Platón y las hipóstasis plotinianas, San Agustín, Schopenhauer, Berkeley y Hume, constituyen los asideros en los que pueden apoyarse el universo arquetípico y las ficciones del argentino, aunque también circulan referencias a Keats, Coleridge, Yeats, Kafka o Thomas Mann. Con el idealismo en sus diversos ramajes pretende elevarse por un instante la literatura de Borges y Nuño la explora en diversos niveles, a veces, en el campo puramente filológico para desvelar la escasa solvencia de algunas fuentes. La obra está llena de motivos que se interrelacionan y que se hallan en contigüidad permanente.
La unidad y la dispersión, el Uno y la multiplicidad, el salto de lo inteligible a lo sensible, están dibujados en los relatos borgesianos. El terror a la copia y al espejo que, como en la fábula cavernaria, reproduce cuanto pasa ante él se evoca en cada mansión, a veces de manera casi caricaturesca: “todos los hombres, en el vertiginoso instante del coito, son el mismo hombre”. El esfuerzo de sortear los límites de la percepción para comprender el funcionamiento del edificio está asimismo presente. El largo pasillo del tiempo, que abre la posibilidad del infinito o un dominio de pureza idealista, lo traspasa casi todo. Y junto a ello, el sujeto, la memoria y el lenguaje que sirve de soporte entre lo sensible y lo inteligible y que ha terminado por convertirse en zona de peligro y de extravío.

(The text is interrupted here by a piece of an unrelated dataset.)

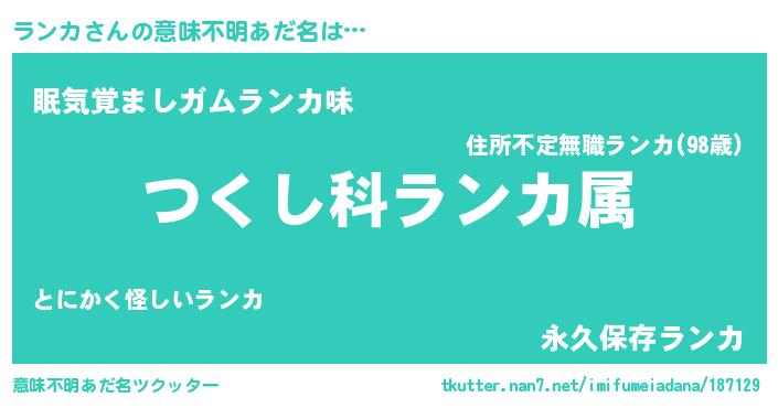 | ヘコむあだ名 | 『ランカ(笑)』『ランっぺ』 |

La filosofía en Borges dibuja el rostro de un pensamiento que no deja de mirar, a pesar de la gran grieta, ese otro lado que quedó atrás y del que se alimentó el idealismo del siglo XIX y sus postrimerías. El libro es una suerte de retrato de la filosofía de una época que acaba de despedirse de las ensoñaciones del pasado y que halla en Borges al personaje arquetípico, y con él la ficción de un viejo relato que se ha vuelto cada vez más agudo y refinado en sus ejercicios de intelección hasta el punto de volverse en objeto de culto estético. Nuño elige a Borges como Borges se elige a sí mismo para emprender el juego de un conocimiento anclado en la abstracción, en la especulación, en el universalismo y en la nostalgia de un mundo inteligible abandonado por el solipsismo crítico, por la racionalidad, por el empirismo, y por el hallazgo de que lo visible y su lectura, la naturaleza, el lenguaje y sus fulguraciones, han entrado a formar parte de las alteraciones y del desorden del mundo contemporáneo.
Desde este otro lado la reflexión sobre el lenguaje surge desde el comienzo en La filosofía en Borges. El idealismo de Tlön (aplicación literaria del de Hume) es una consecuencia ontológica del “todo fluye” heracliteano. “Se carece señala el filósofo venezolano de referencias fijas, cartesianas, de puntos de apoyo, de estabilidad sustancial” y el lenguaje se despliega en la temporalidad, sucesivo, bajo un idealismo dinamicista que expulsa el carácter sustantivo y que borra las entidades estables, predicables. El lenguaje en pendiente temporal salta por los aires y se multiplica sin medida. El instrumento del conocimiento comienza a romperse en la ambición de responder a un desvelamiento que se da en el devenir. En “Funes el memorioso” o en “El idioma analítico de John Wilkins” pueden hallarse otras variantes de lenguaje que rompe su cerco y avanza hacia un oleaje incomprensible.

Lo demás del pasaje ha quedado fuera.